SNAP (Smart Network ADC Processor) 是 CASPER 开发的低成本采样装置, 更多信息可见 https://github.com/casper-astro/casper-hardware/blob/master/FPGA_Hosts/SNAP/README.md. 通常情况下需要使用树莓派来驱动 SNAP, 但一些已有的镜像对应的树莓派版本已经不再销售, 可考虑其他单板计算机来控制 SNAP, 例如龙芯 2K0300 先锋派.

龙芯 2K0300 先锋派的信息参见 https://www.loongson.cn/news/show?id=688. 选择此板的主要原因为 GPIO 兼容, 省去了重新画电路板适配 GPIO 的过程.

1. 下载系统

龙芯先锋派的系统、内核等信息可从以下链接获取:

为了方便安装依赖, 这里使用有包管理器的、新世界 (新 ABI) 的 Alpine 作为基本系统. 在 SD 卡中创建 ext4 分区, 将根文件系统解压并复制进去即可. 为了确保功能正常, 可以将内核手动替换为新版本.

注意 Alpine 3.21 开始支持龙架构, 但 Alpine 3.22 的预编译程序运行时出现 illegal instruction 的报错, 因此似乎只能使用 Alpine 3.21.

然后卸载 SD 卡, 装入龙芯先锋派并启动.

2. 安装 CASPER 相关软件

2.1 casperfpga

git clone https://github.com/casper-astro/casperfpga
cd casperfpga
git checkout py310-dev  # or py27, py38-dev, ...

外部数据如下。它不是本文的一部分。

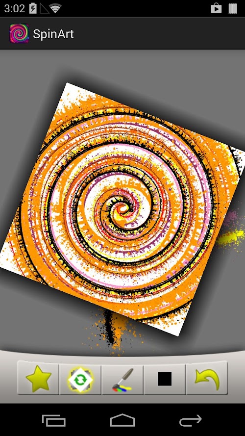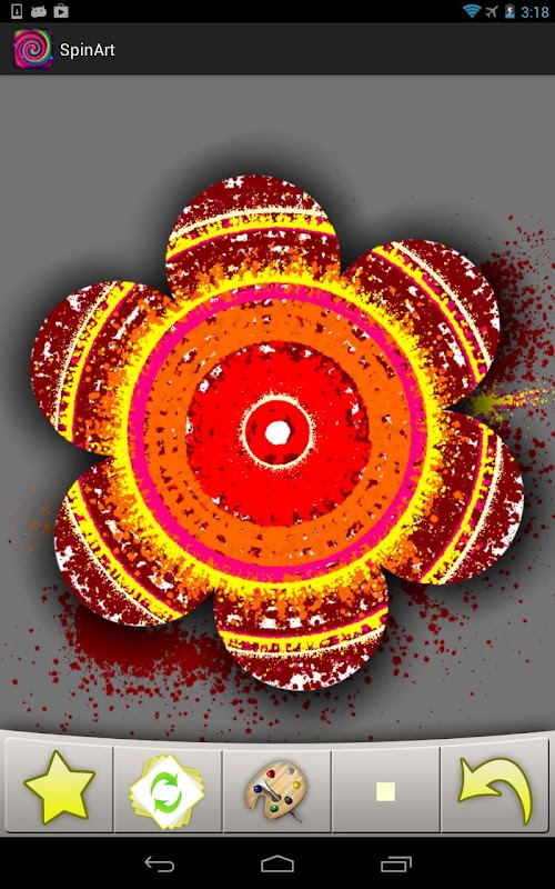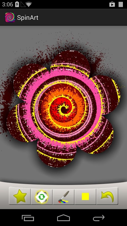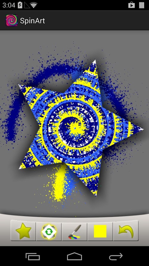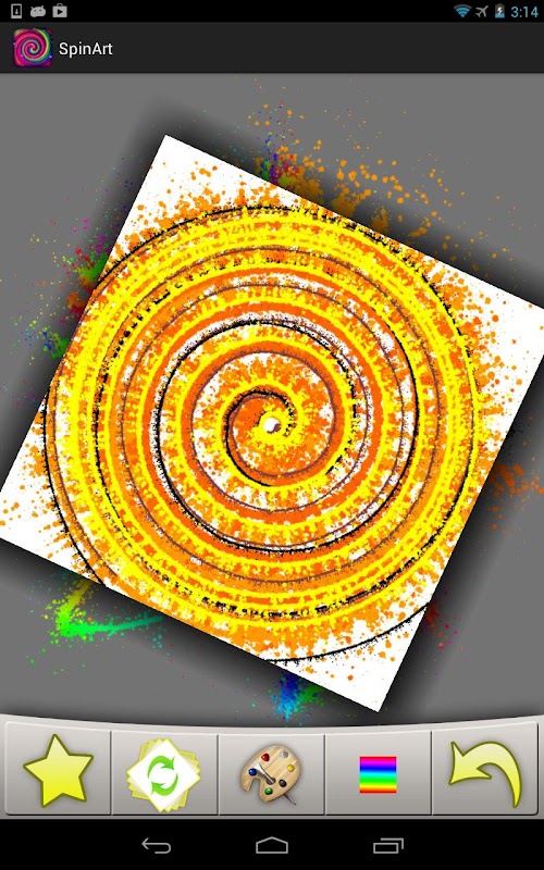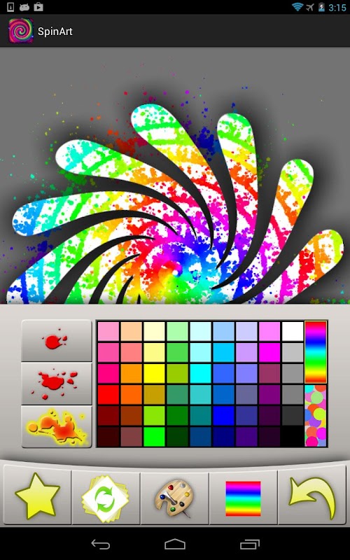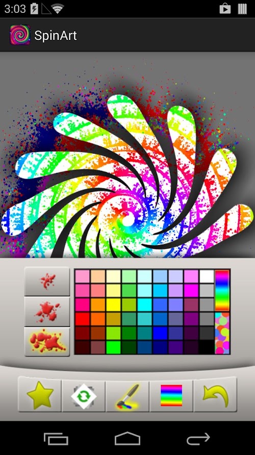 When in "Spin Mode" (the button with the green arrows on the left), swipe your fingers across the canvas to spin at varying speeds. Then switch back into paint mode (the paintbrush button), and choose from two brush sizes and a color from the palette, then use your finger to splat some paint and watch some amazing patterns emerge!

经验上 py27 分支较为稳定, 但较新的系统可能已经不提供 Python 2.7; py38-devpy310-dev 较新, 但存在变量/函数命名前后不一致、接口更改等问题, 可能需要手动修复 bug, 已有代码可能需要移植; 根据一些反馈, py38 分支可能存在问题. 对于 py310-dev 中存在的部分语法问题, 已将个人已知的更改上传到 https://github.com/fxzjshm/casperfpga/tree/fix-syntax.

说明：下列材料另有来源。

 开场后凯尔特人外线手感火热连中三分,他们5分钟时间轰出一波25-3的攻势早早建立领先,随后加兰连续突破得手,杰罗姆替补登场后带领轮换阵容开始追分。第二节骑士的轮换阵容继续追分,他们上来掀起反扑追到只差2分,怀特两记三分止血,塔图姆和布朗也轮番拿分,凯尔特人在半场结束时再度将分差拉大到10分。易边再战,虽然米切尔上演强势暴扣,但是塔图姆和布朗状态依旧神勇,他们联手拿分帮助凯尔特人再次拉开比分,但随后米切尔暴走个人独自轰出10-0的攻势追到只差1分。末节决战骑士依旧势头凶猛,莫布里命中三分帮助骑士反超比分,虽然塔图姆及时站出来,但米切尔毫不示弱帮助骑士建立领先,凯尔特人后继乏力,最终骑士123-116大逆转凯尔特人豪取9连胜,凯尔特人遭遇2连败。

根据习惯和需求, 进入 Python 虚拟环境用 pip 安装, 或用 pip 全局安装; 若可能对源码进行修改, 推荐使用

pip install -e .

注意安装 casperfpga 时自动下载的 tornado 较老, 并不适配 Python 3.12, 因此需要

pip uninstall tornado
sudo apk add py3-tornado

由于龙芯先锋派烧写 FPGA 固件较慢, 运行时可能出现超时, 需要手动调大超时阈值; 还需要修复一些语法错误:

diff --git a/src/snapadc.py b/src/snapadc.py
index 0a4682e..e8ad765 100644
--- a/src/snapadc.py
+++ b/src/snapadc.py
@@ -884,7 +884,7 @@ class SnapAdc(object):
                         h[chip,t] = (np.sum(d == d[:1], axis=(0,1)) == d.shape[0] * d.shape[1])
                 self.selectADC() # select all chips
                 self.adc.test('off')
-                self.setDemux(numChannel=self.numChannel)
+                self.setDemux(numChannel=self.num_channel)
                 ker = np.ones(ker_size)
                 for chip in self.adcList:
                     # identify taps that work for all lanes of chip
diff --git a/src/transport_katcp.py b/src/transport_katcp.py
index b5cd2f2..794351f 100644
--- a/src/transport_katcp.py
+++ b/src/transport_katcp.py
@@ -580,7 +580,7 @@ class KatcpTransport(Transport, katcp.CallbackClient):
                                      request_args=(version, ),
                                      require_ok=True)
 
-    def upload_to_ram_and_program(self, filename, port=-1, timeout=10,
+    def upload_to_ram_and_program(self, filename, port=-1, timeout=30,
                                   wait_complete=True,
                                   skip_verification=False, **kwargs):
         """

2.2 katcp

注意, 目前已知仅有 https://github.com/jack-h/katcp_devel/tree/rpi-devel-casperfpga 处的 katcp 可支持树莓派,

git clone https://github.com/jack-h/katcp_devel.git
cd katcp_devel
git checkout rpi-devel-casperfpga

GPIO 相关的参数可能需要调整, 比如外设的内存地址, 树莓派的参见 e95899f. 龙芯派的 GPIO 芯片基地址可从 device tree 看到, 从 https://gitee.com/open-loongarch/linux-6.12/blob/master/arch/loongarch/boot/dts/loongson-2k0300.dtsi#L683 能看到基地址为 0x16104000; GPIO 编号可从原理图和芯片说明对比得到, 并注意到对应的设备是 spidev2; GPIO 的操作方式可参考其驱动 https://gitee.com/open-loongarch/linux-6.12/blob/master/drivers/gpio/gpio-loongson-irq.c.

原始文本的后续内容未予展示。